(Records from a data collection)
# # # # #

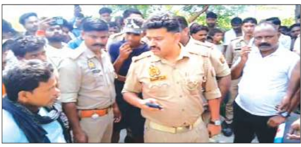
समृद्धि न्यूज, निधासन, खीरी।

पड़ुआ थाना क्षेत्र में मंगलवार सुबह एक दर्दनाक हादसे में डीसीएम चालक की कंठ लगने से मौत हो गई। परमोधापुर गांव के निकट झूल रही हाईटेंशन विद्युत लाइन की चपेट में आने से वाहन में कंठ दौड़ गया। बताया जा रहा है कि चालक लाइन को हटाने के लिए वाहन की छत पर चढ़ था, तभी वह कंठ की चपेट में आ गया और मौके पर ही उसकी मौत हो गई। घटना के बाद क्षेत्र में हड़कंप मच गया और बड़ी संख्या में ग्रामीणों पर जुट गए। जानकारी के अनुसार मंगलवार सुबह करीब नौ बजे एक डीसीएम वाहन परमोधापुर गांव के एक किसान के खेत से केला लाने जा रही थी। वाहन जब खरवहिया-परमोधापुर मार्ग पर पहुंचा तो सड़क के ऊपर से गुजर रही हाईटेंशन विद्युत लाइन का तार काफी नीचे झूल रहा था। प्रत्यक्षदर्शियों के मुताबिक झूलता हुआ तार डीसीएम की ऊपरी छत से छू गया, जिससे पूरे वाहन में कंठ प्रवाहित हो गया। बताया जाता है कि चालक ने स्थिति को सामान्य करने के उद्देश्य से वाहन के ऊपर चढ़कर तार को हटाने का प्रयास किया। इसी दौरान वह
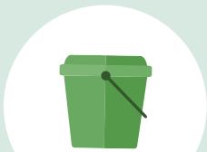
Un bioseau pour les restes alimentaires

À cette occasion, nos conseillers vous expliqueront le fonctionnement de ce nouveau système qui remplacera la collecte de vos déchets en porte à porte et vous remettront également vos équipements.
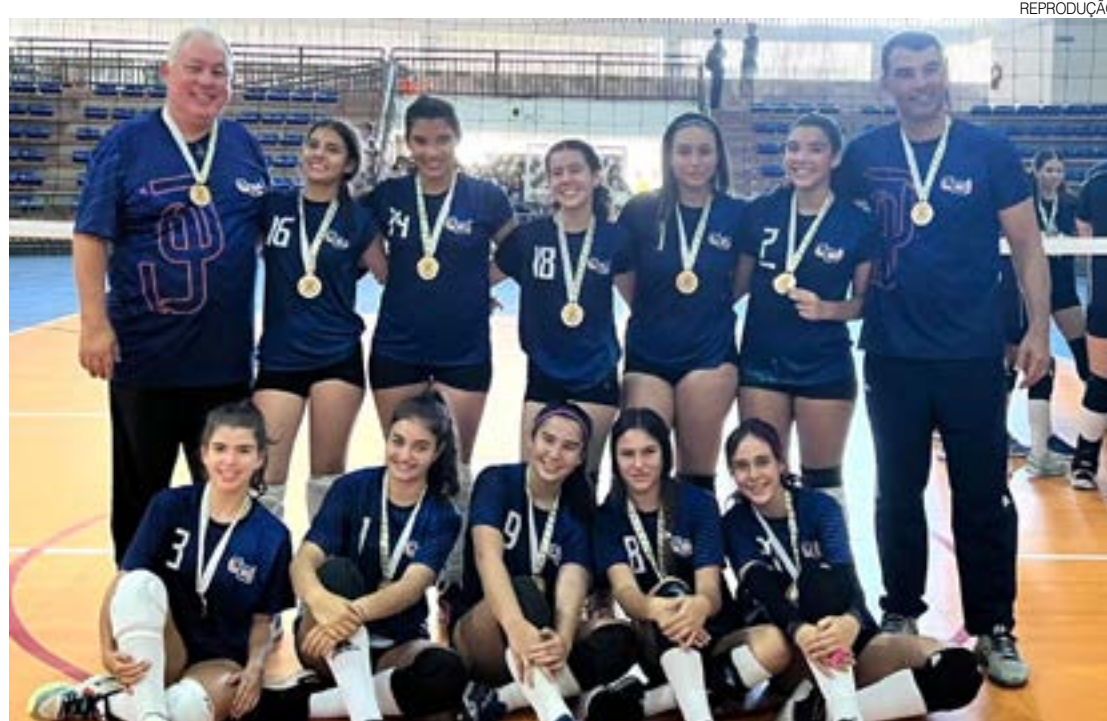
Equipe de vôlei feminino do Ceil Romualdo vai representar o Rio Grande do Norte nos Jogos Brasileiros
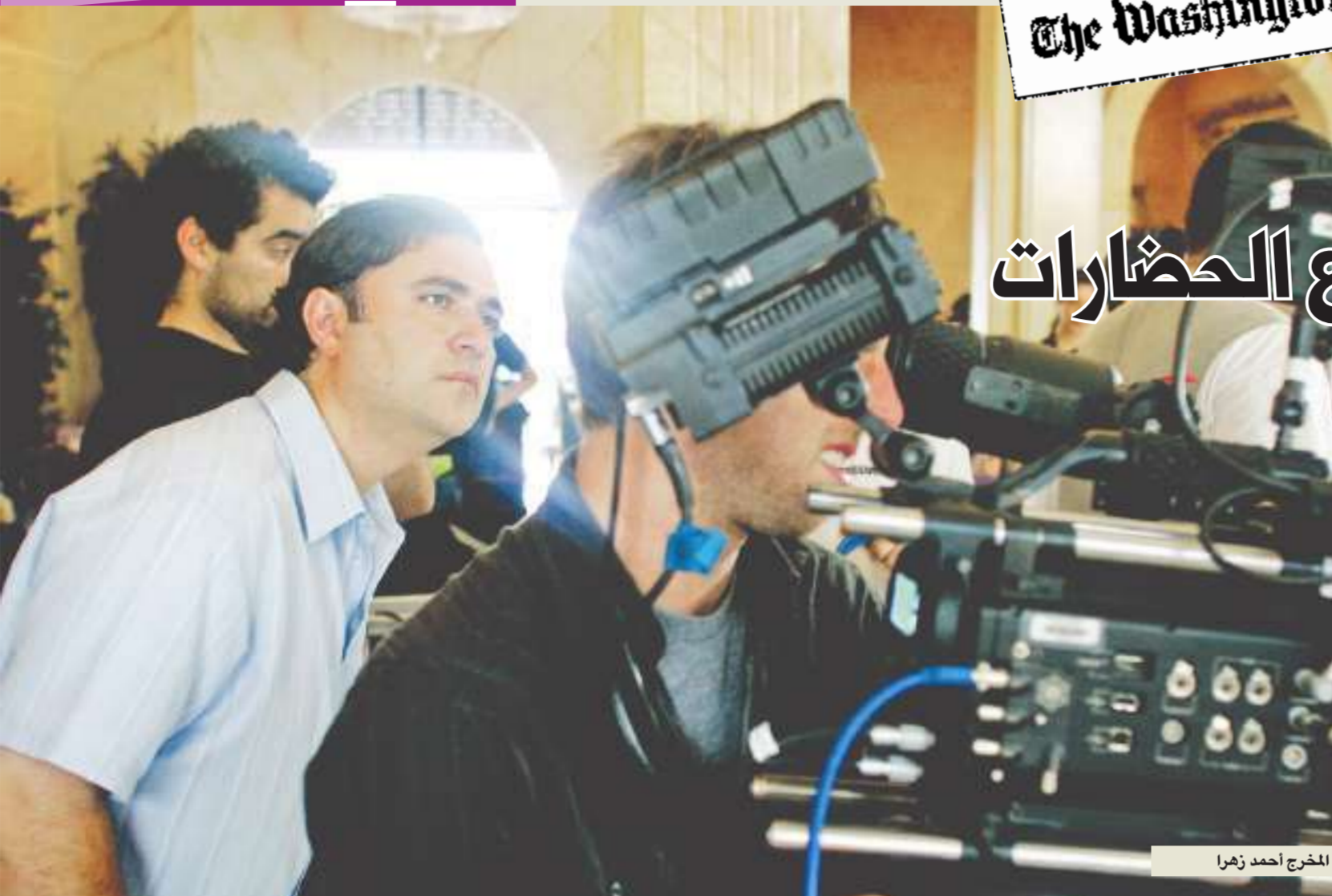
المخرج أحمد زهرا
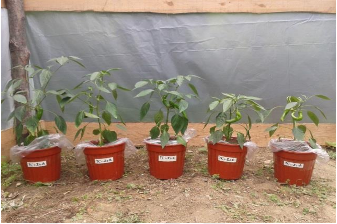
Şekil 4.4. Aynı miktarda çay çöpü kompostu ve artan düzeyde tuz dozu uygulamalarının biberin bitki boyu üzerine etkisi

Tuz stresine bağlı olarak fotosentez azalır, hormonal dengede yıkım meydana gelir, nitrat alımının düşmesiyle protein sentezinde azalma meydana gelerek bitki boyu kısalmaktadır (Robinson ve ark., 1983). Tuzluluğun artmasıyla domatesin gövde ağırlığı, bitki boyu, yaprak sayısı ve kök uzunluğunun önemli düzeyde azaldığı ifade edilmiştir (Mohammed ve ark., 1998). Biber bitkisine uygulanan sulama suyunda tuzluluğunun artışı ile bitki boyu, bitki verimi, bitki çapında ve bitki dal sayısında belirgin bir şekilde azalma olduğu bildirilmektedir (Tezcan, 2009). Patlıcan ( solanum melongena ) bitkisine özellikle yetiştirme mevsimi başlarında uygulanan tuzlu suyun, bitki su tüketimini, bitki boyunu ve bitki ağırlığını önemli ölçüde azalttığı saptanmıştır (Öztürk, 2002).
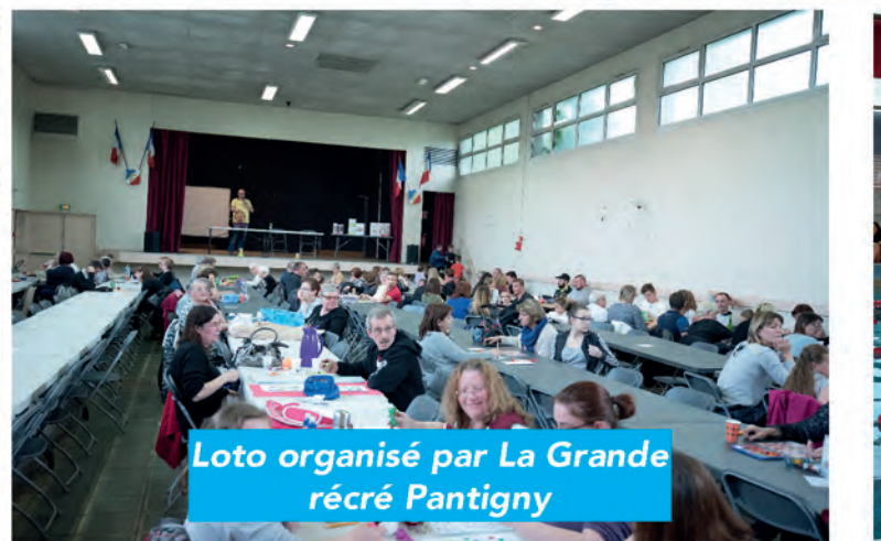
Loto organisé par La Grande récré Pantigny
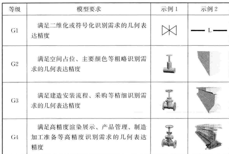
表 1 几何表达精度四个等级示例

4.1.6 几何表达精度等级与设计阶段不存在一一对应关系，而是根据设计阶段或应用需求选取。在项目中，可以为不同的模型单元选取不同等级的几何表达精度。例如某项目的施工图阶段，现浇钢筋混凝土楼梯段选取 G4，以便保障准确施工，而同时楼梯栏杆选取 G3，使采购人员能够掌握设计要求而顺利选择生产厂家的成品。
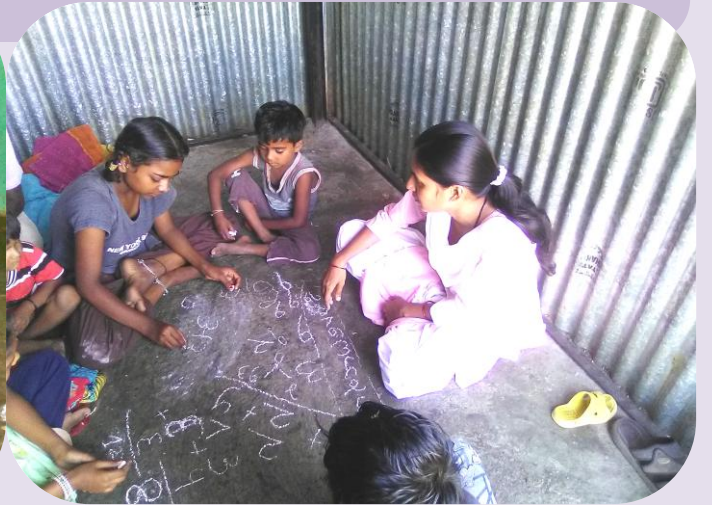
शाळाबाह्य मुलामुलींना शिकविताना-
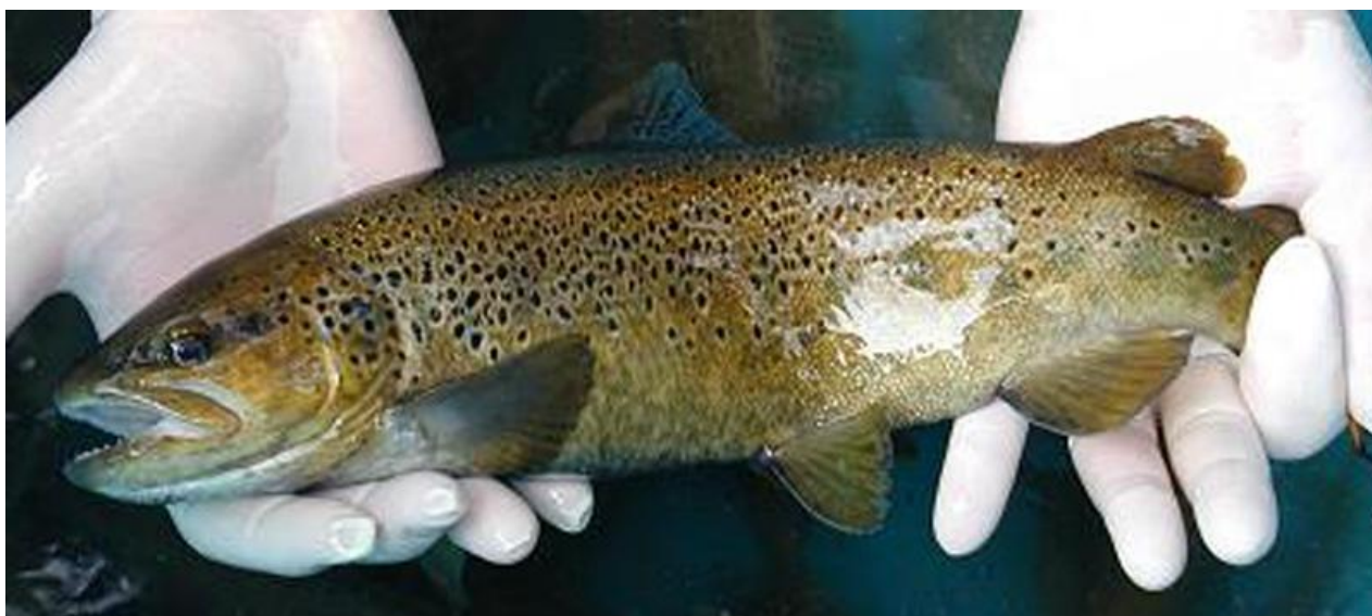
Foto 2 – Trota Mediterranea a fenotipo macrostigma ( Salmo trutta macrostigma ) con livrea tipica di fondovalle dei corsi d'acqua appenninici sia del versante tirrenico che di quello padano-adriatico.
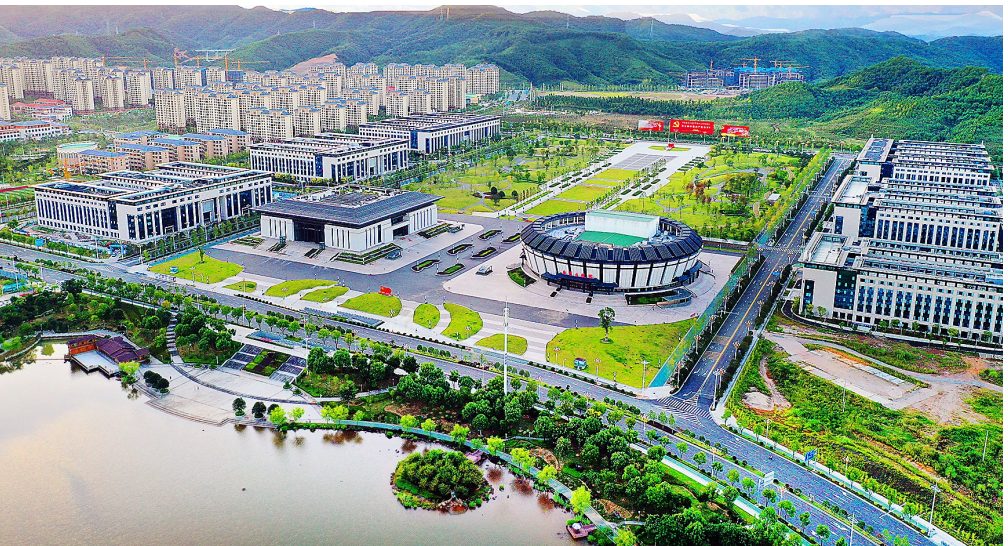
▲武夷新区作为南平发展的战略突破口,正在建设布局合理、设施配套、宜居宜业的新兴中心城市。

革命精神世代传扬,伟大事业不停接续。南平市认真学习贯彻习近平总书记来闽考察重要讲话精神,弘扬红色文化、传承红色基因,深入挖掘廖俊波精神的基本内涵及时代价值,立足资源禀赋、发
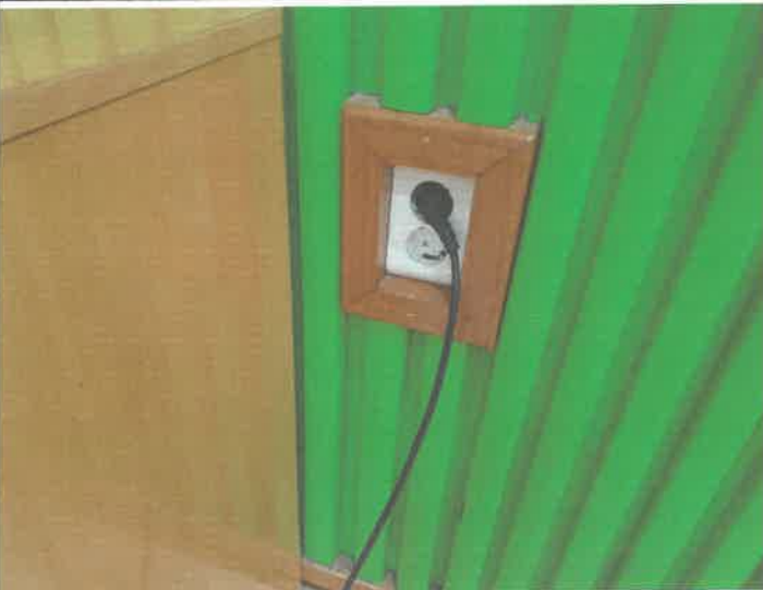
대체육관 벽콘셋트 파손 교체 설치
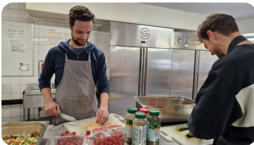
Keukenpersoneel van de Gaarkeuken

Met een aantal voedselbanken en een keten van sociale wijkrestaurants in Zuid-Holland leveren we over en weer voedsel om het aanbod van reststromen beter te laten aansluiten bij de behoefte die we allemaal hebben. Daardoor kunnen we grote reststromen optimaal benutten en kunnen voedselbanken bijvoorbeeld grootverpakkingen die niet geschikt zijn voor consumenten toch een goede bestemming geven bij de sociale wijkrestaurants.
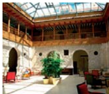
Peñañiel (Valladolid) HOTEL CONVENTO LAS CLARAS ****

"ESCAPADA PAQUETE ENOLÓGICO" PRECIOS PAX/NOCHE ✓ INCLUYE 1 NOCHE EN AD: ● Comida en el restaurante La Harinera. ● Visita guiada a la bodega Legaris con degustación de vinos. ● Visita al castillo de Peñañiel que actualmente alberga el Museo Provincial del Vino.

# # # # #

Exercise =>
Please copy the data above exactly, omitting the pictures.

Task solution =>
समृद्धि न्यूज, निधासन, खीरी।

पड़ुआ थाना क्षेत्र में मंगलवार सुबह एक दर्दनाक हादसे में डीसीएम चालक की कंठ लगने से मौत हो गई। परमोधापुर गांव के निकट झूल रही हाईटेंशन विद्युत लाइन की चपेट में आने से वाहन में कंठ दौड़ गया। बताया जा रहा है कि चालक लाइन को हटाने के लिए वाहन की छत पर चढ़ था, तभी वह कंठ की चपेट में आ गया और मौके पर ही उसकी मौत हो गई। घटना के बाद क्षेत्र में हड़कंप मच गया और बड़ी संख्या में ग्रामीणों पर जुट गए। जानकारी के अनुसार मंगलवार सुबह करीब नौ बजे एक डीसीएम वाहन परमोधापुर गांव के एक किसान के खेत से केला लाने जा रही थी। वाहन जब खरवहिया-परमोधापुर मार्ग पर पहुंचा तो सड़क के ऊपर से गुजर रही हाईटेंशन विद्युत लाइन का तार काफी नीचे झूल रहा था। प्रत्यक्षदर्शियों के मुताबिक झूलता हुआ तार डीसीएम की ऊपरी छत से छू गया, जिससे पूरे वाहन में कंठ प्रवाहित हो गया। बताया जाता है कि चालक ने स्थिति को सामान्य करने के उद्देश्य से वाहन के ऊपर चढ़कर तार को हटाने का प्रयास किया। इसी दौरान वह
Un bioseau pour les restes alimentaires

À cette occasion, nos conseillers vous expliqueront le fonctionnement de ce nouveau système qui remplacera la collecte de vos déchets en porte à porte et vous remettront également vos équipements.
Equipe de vôlei feminino do Ceil Romualdo vai representar o Rio Grande do Norte nos Jogos Brasileiros
المخرج أحمد زهرا
Şekil 4.4. Aynı miktarda çay çöpü kompostu ve artan düzeyde tuz dozu uygulamalarının biberin bitki boyu üzerine etkisi

Tuz stresine bağlı olarak fotosentez azalır, hormonal dengede yıkım meydana gelir, nitrat alımının düşmesiyle protein sentezinde azalma meydana gelerek bitki boyu kısalmaktadır (Robinson ve ark., 1983). Tuzluluğun artmasıyla domatesin gövde ağırlığı, bitki boyu, yaprak sayısı ve kök uzunluğunun önemli düzeyde azaldığı ifade edilmiştir (Mohammed ve ark., 1998). Biber bitkisine uygulanan sulama suyunda tuzluluğunun artışı ile bitki boyu, bitki verimi, bitki çapında ve bitki dal sayısında belirgin bir şekilde azalma olduğu bildirilmektedir (Tezcan, 2009). Patlıcan ( solanum melongena ) bitkisine özellikle yetiştirme mevsimi başlarında uygulanan tuzlu suyun, bitki su tüketimini, bitki boyunu ve bitki ağırlığını önemli ölçüde azalttığı saptanmıştır (Öztürk, 2002).
Loto organisé par La Grande récré Pantigny
表 1 几何表达精度四个等级示例

4.1.6 几何表达精度等级与设计阶段不存在一一对应关系，而是根据设计阶段或应用需求选取。在项目中，可以为不同的模型单元选取不同等级的几何表达精度。例如某项目的施工图阶段，现浇钢筋混凝土楼梯段选取 G4，以便保障准确施工，而同时楼梯栏杆选取 G3，使采购人员能够掌握设计要求而顺利选择生产厂家的成品。
शाळाबाह्य मुलामुलींना शिकविताना-
Foto 2 – Trota Mediterranea a fenotipo macrostigma ( Salmo trutta macrostigma ) con livrea tipica di fondovalle dei corsi d'acqua appenninici sia del versante tirrenico che di quello padano-adriatico.
▲武夷新区作为南平发展的战略突破口,正在建设布局合理、设施配套、宜居宜业的新兴中心城市。

革命精神世代传扬,伟大事业不停接续。南平市认真学习贯彻习近平总书记来闽考察重要讲话精神,弘扬红色文化、传承红色基因,深入挖掘廖俊波精神的基本内涵及时代价值,立足资源禀赋、发
대체육관 벽콘셋트 파손 교체 설치
Keukenpersoneel van de Gaarkeuken

Met een aantal voedselbanken en een keten van sociale wijkrestaurants in Zuid-Holland leveren we over en weer voedsel om het aanbod van reststromen beter te laten aansluiten bij de behoefte die we allemaal hebben. Daardoor kunnen we grote reststromen optimaal benutten en kunnen voedselbanken bijvoorbeeld grootverpakkingen die niet geschikt zijn voor consumenten toch een goede bestemming geven bij de sociale wijkrestaurants.
Peñañiel (Valladolid) HOTEL CONVENTO LAS CLARAS ****

"ESCAPADA PAQUETE ENOLÓGICO" PRECIOS PAX/NOCHE ✓ INCLUYE 1 NOCHE EN AD: ● Comida en el restaurante La Harinera. ● Visita guiada a la bodega Legaris con degustación de vinos. ● Visita al castillo de Peñañiel que actualmente alberga el Museo Provincial del Vino.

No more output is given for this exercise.